At midday Wednesday, August 15, a woman sat at the far end of a blue bench in standard-issue white T-shirt and Crocs, waiting for her fingerprints to be processed. Other than her son playing under a nearby table, she was alone in the detention facility waiting room, the other five rows of benches empty.
It’s a far departure from the Yuma temporary holding facility’s opening in June, when the soft-tent center was at its 500-people capacity within two days.
The dramatic surge in the number of migrant families crossing into the U.S. Border Patrol's Yuma Sector earlier this year has drawn worldwide attention.
One solution was this temporary shelter, made possible thanks to a $15 million deal between the federal government and Deployed Resources, a private contractor. Families who arrive at the four-tent facility stay for up to three days, receiving health evaluations, a change of clothes, toiletries like diapers and sanitary pads, showers, and mattresses to sleep on.
But since June, the number of people crossing the border into Yuma has dropped.

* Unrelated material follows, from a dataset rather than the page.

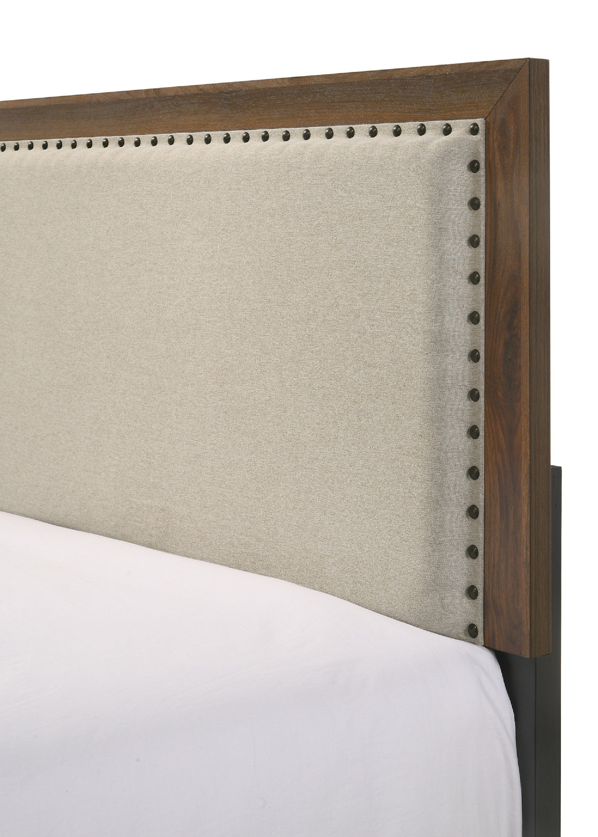 Brown Cherry Finish Fabric Upholstered Headboard Tufted Nailhead Trim 1pc Twin Size Youth Kids Panel Bed Beautiful Wooden Bedroom Furniture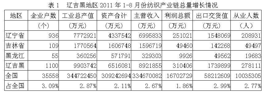 據(jù)國(guó)家統(tǒng)計(jì)局公布的數(shù)據(jù),2011年1-8月份我國(guó)遼吉黑三?。ㄟ|寧省、吉林省、黑龍江)紡織產(chǎn)業(yè)鏈(從紡織上游原料到下游服裝)規(guī)模以上企業(yè)數(shù)量為1100家,占全國(guó)總數(shù)的3.09%;工業(yè)總產(chǎn)值為990.37億元,占2.87%;資產(chǎn)合計(jì)為651.61億元,占2.11%;主營(yíng)收入為892.19億元,占2.67%;利潤(rùn)總額為31.04億元,占1.86%;出口交貨值為173.99億元,占2.99%;從業(yè)人數(shù)為27.81萬(wàn)人,占2.77%。由此可見(jiàn),遼吉黑地區(qū)紡織產(chǎn)業(yè)鏈總產(chǎn)值、總資產(chǎn)、主營(yíng)收入、出口和就業(yè)均給全國(guó)作出了一定的貢獻(xiàn)。

While the majority of people Yuma Border Patrol apprehends continue to arrive in family units, there are far fewer daily arrivals.
Once-full holding tents now have only about 25 people each, or fewer. Medical staff from Loyal Source Government Services, the Yuma facility’s health-care provider, sit texting without patients. A Phoenix New Times reporter accompanied border patrol agents on a three-hour ride-along in which there were no apprehensions — something agents said would have been unheard of a few months ago.
Yuma Border Patrol agents believe the quell in migration is directly due to the Mexican government’s crackdown on migrants from Central America crossing through the country into the United States, following an immigration enforcement deal signed between the two countries in early June.
The majority of the families Yuma Border Patrol apprehends are from Guatemala — almost 90 percent — who give themselves up at the border. According to agents, only 7.5 percent of them claim asylum — though it's important to note that Border Patrol does not include “personal violence” like gang violence or domestic abuse in their definition of asylum. In addition to economic reasons, Yuma agents said many families cite escaping from gang violence as a motivation for fleeing their home countries.
After September, Yuma Sector Border Patrol will have the option to extend the temporary holding facility through January at a cost of $3.7 million a month. After that, the fate of the facility is unknown.
No one knows if there'll be another surge like earlier this year.
In March, Yuma Sector Border Patrol released hundreds of migrants in Yuma, saying they simply couldn't process all of them. The city's mayor declared a state of emergency in April, and in July, reports circulated of sexual assault that had occurred in a migrant station where children were being held. Almost half of Yuma Border Patrol’s apprehensions have been children. The sector is the third-busiest crossing area along the entire Southwestern border, with a little over half of its annual $6.4 million dollar budget spent on holding family groups.
Agents working at Yuma Border Patrol repeated what they've been saying for months: They don’t have the resources for the job they’re being asked to do. The opening of a temporary facility for migrant families and a depreciated number of summer arrivals have helped, but agents fear what will happen if funding for the facility runs out at the dawn of next year.
So far in 2019, Yuma Sector agents have apprehended over 50,000 family units — a 367 percent increase compared to last year. U.S. Border Patrol currently has no training in caring for migrant children or family units, but the Flores Agreement requires that families with minor children not be held in detention for more than 20 days — including time spent in Border Patrol custody and subsequent transfer to Immigration and Customs Enforcement detention.
But as the surge of families increased in Yuma, processing times lagged. Families were held in the same concrete detention center as single adult migrants — designed to hold people for no more than 72 hours — for up to five days. Overcrowding was common and access to hygiene limited.
“I’m sure you’re seen the reports, ‘They’ve got their little water fountains over the toilets, and oh my God, it’s so bad!’” said Wes Burch, Yuma Border Patrol special operations supervisor. “But it’s a detention facility. It wasn’t designed for family units, but it’s all we had.”
Restaurants including a local McDonald's were asked to donate food, and the military was called in to help care for migrant families — Marine Corps personnel were warming up soup — so Border Patrol could resume normal enforcement operations.
“It’s something that we in the Border Patrol have never encountered in the history of our agency,” said Border Patrol Agent Jose Garibay III. “So we had to adapt."
Despite the recent change in arrivals, Yuma Border Patrol agents still believe a holding facility specifically for migrant families is needed — if funding allows for it.
“This isn’t forever,” Burch said of the temporary holding facility. “And if our numbers climb back up, we’re right back where we left off.”